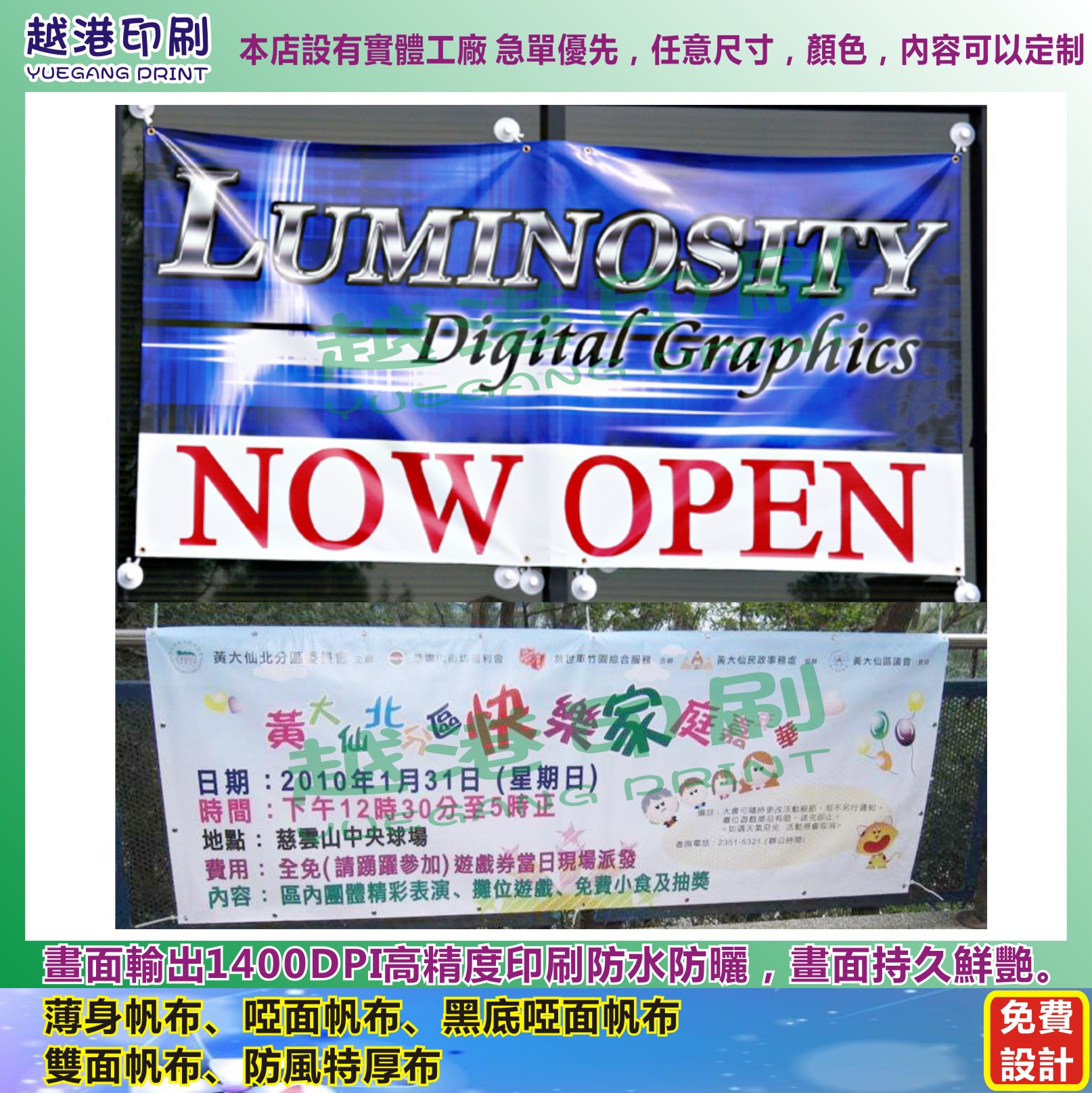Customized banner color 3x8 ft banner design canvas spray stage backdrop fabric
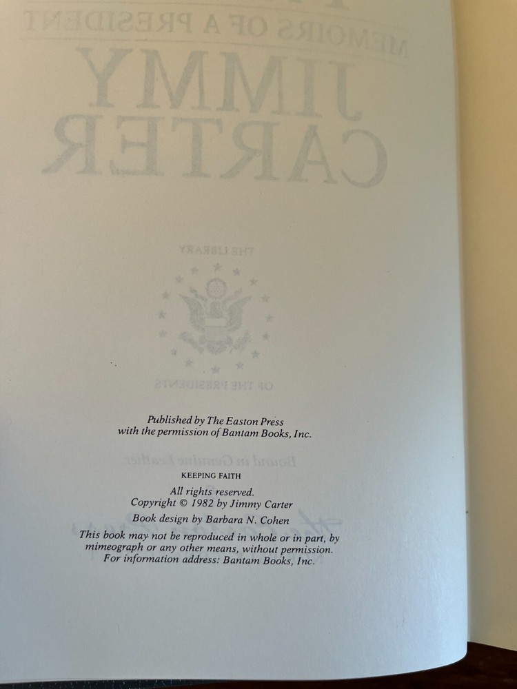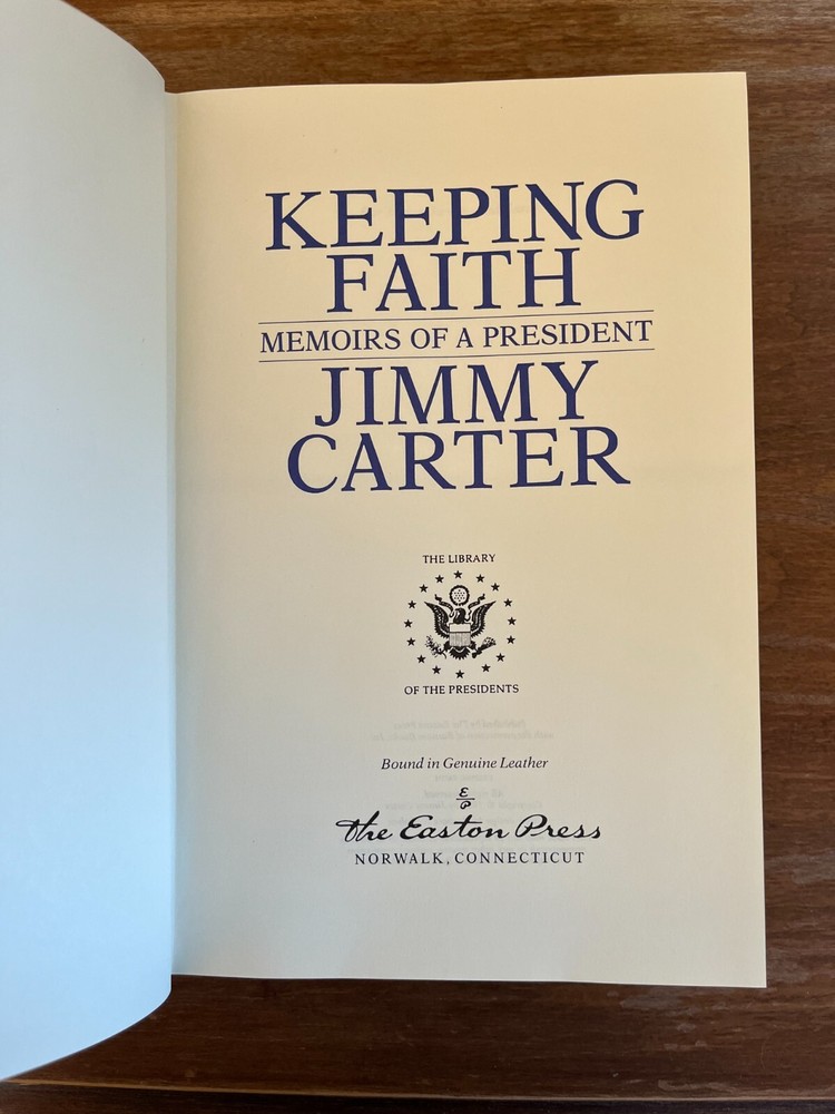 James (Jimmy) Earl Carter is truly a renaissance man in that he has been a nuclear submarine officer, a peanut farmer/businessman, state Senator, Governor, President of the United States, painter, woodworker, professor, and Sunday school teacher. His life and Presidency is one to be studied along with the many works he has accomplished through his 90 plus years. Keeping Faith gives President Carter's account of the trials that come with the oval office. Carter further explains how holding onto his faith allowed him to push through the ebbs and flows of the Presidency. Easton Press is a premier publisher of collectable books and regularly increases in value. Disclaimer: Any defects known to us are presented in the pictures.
--
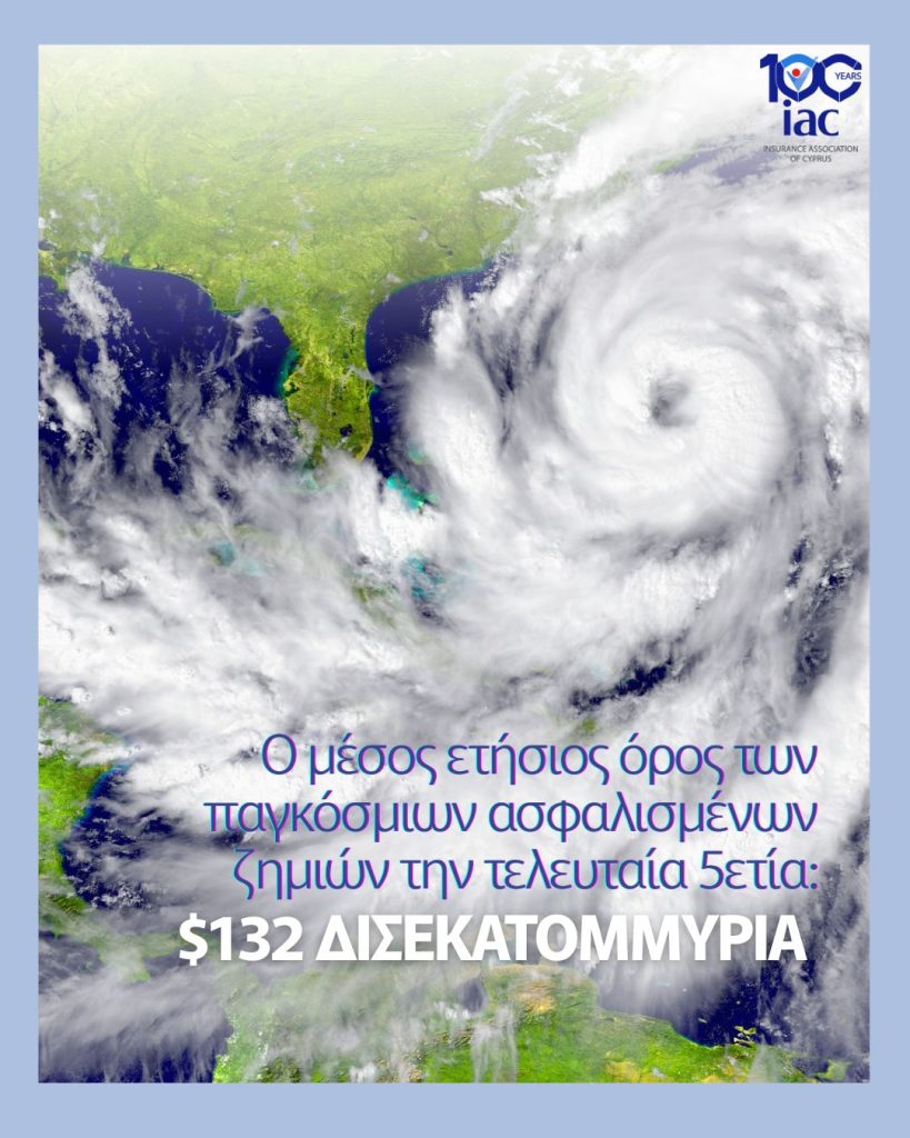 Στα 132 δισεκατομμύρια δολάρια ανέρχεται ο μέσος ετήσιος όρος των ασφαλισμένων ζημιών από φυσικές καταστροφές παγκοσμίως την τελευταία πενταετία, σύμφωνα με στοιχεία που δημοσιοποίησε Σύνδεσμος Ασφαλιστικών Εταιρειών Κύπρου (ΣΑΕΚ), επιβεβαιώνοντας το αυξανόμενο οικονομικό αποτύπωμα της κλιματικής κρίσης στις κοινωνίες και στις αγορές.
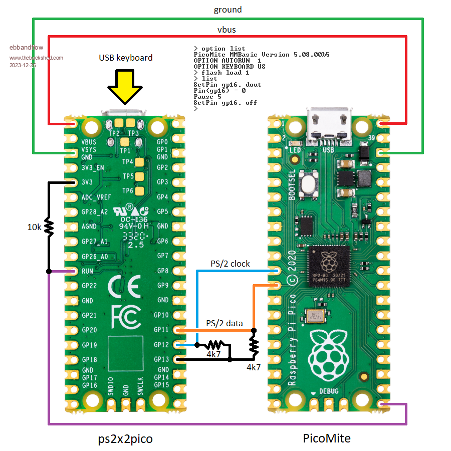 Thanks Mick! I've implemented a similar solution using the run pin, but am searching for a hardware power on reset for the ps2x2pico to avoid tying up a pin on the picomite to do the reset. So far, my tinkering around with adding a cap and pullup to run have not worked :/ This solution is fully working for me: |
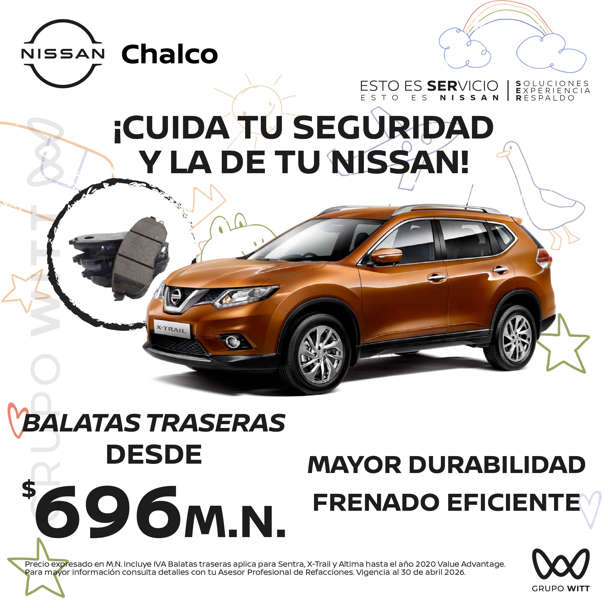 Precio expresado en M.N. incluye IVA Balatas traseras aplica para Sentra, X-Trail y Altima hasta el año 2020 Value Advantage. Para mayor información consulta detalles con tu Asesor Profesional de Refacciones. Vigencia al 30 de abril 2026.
* * *
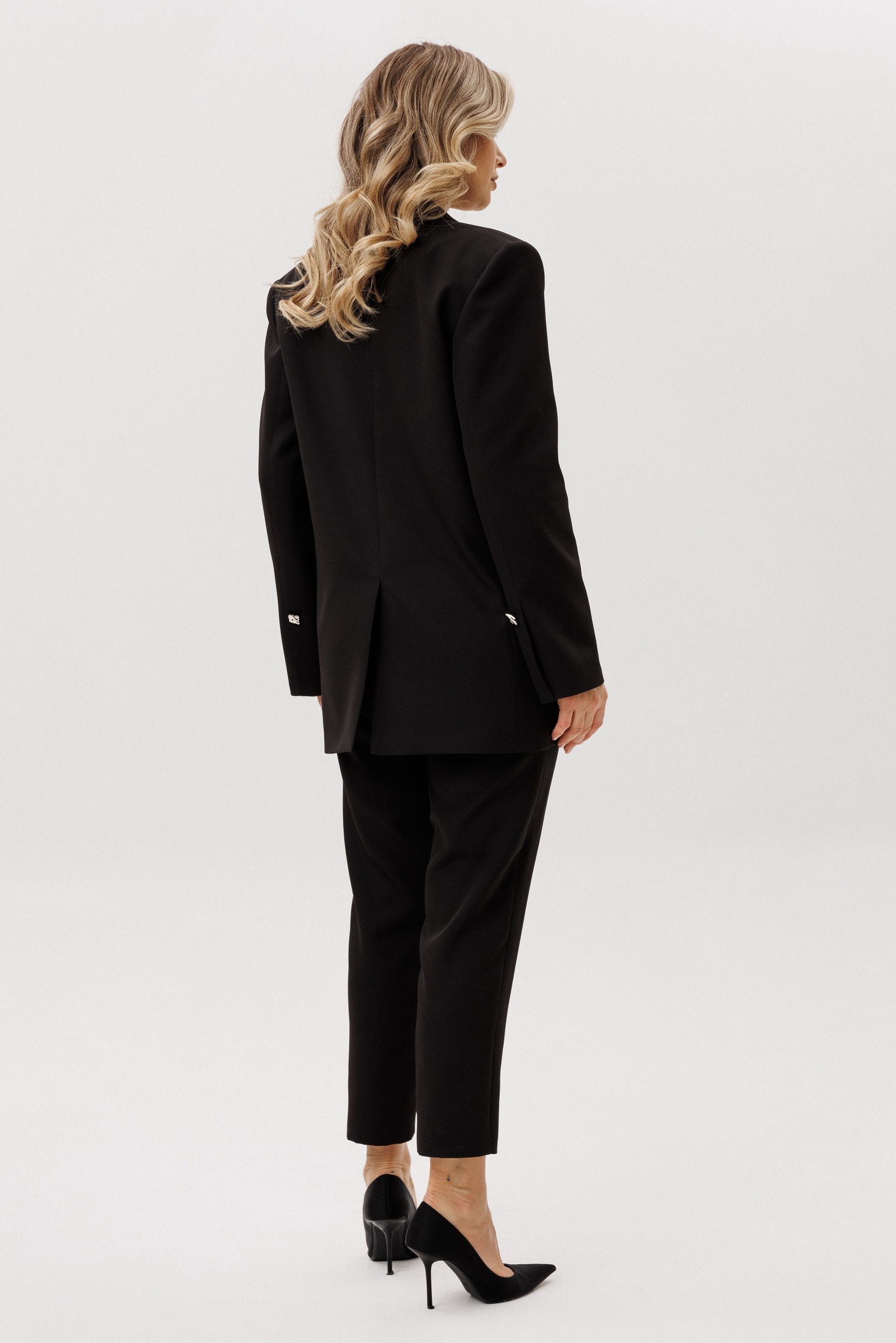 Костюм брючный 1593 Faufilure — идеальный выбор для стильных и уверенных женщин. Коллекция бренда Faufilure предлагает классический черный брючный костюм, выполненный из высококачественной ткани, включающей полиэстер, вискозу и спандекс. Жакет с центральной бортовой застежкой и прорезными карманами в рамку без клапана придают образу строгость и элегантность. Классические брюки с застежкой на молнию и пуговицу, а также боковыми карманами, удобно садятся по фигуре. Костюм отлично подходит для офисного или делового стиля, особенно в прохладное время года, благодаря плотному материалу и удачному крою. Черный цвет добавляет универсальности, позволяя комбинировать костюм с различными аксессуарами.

ASSIGNED TASK:
Above are the records; return the lines in them from the one with "Customized banner color" to the one with "James (Jimmy) Earl", inclusive, exactly and without images.

SOLUTION TO THE PROBLEM:
Customized banner color 3x8 ft banner design canvas spray stage backdrop fabric
 James (Jimmy) Earl Carter is truly a renaissance man in that he has been a nuclear submarine officer, a peanut farmer/businessman, state Senator, Governor, President of the United States, painter, woodworker, professor, and Sunday school teacher. His life and Presidency is one to be studied along with the many works he has accomplished through his 90 plus years. Keeping Faith gives President Carter's account of the trials that come with the oval office. Carter further explains how holding onto his faith allowed him to push through the ebbs and flows of the Presidency. Easton Press is a premier publisher of collectable books and regularly increases in value. Disclaimer: Any defects known to us are presented in the pictures.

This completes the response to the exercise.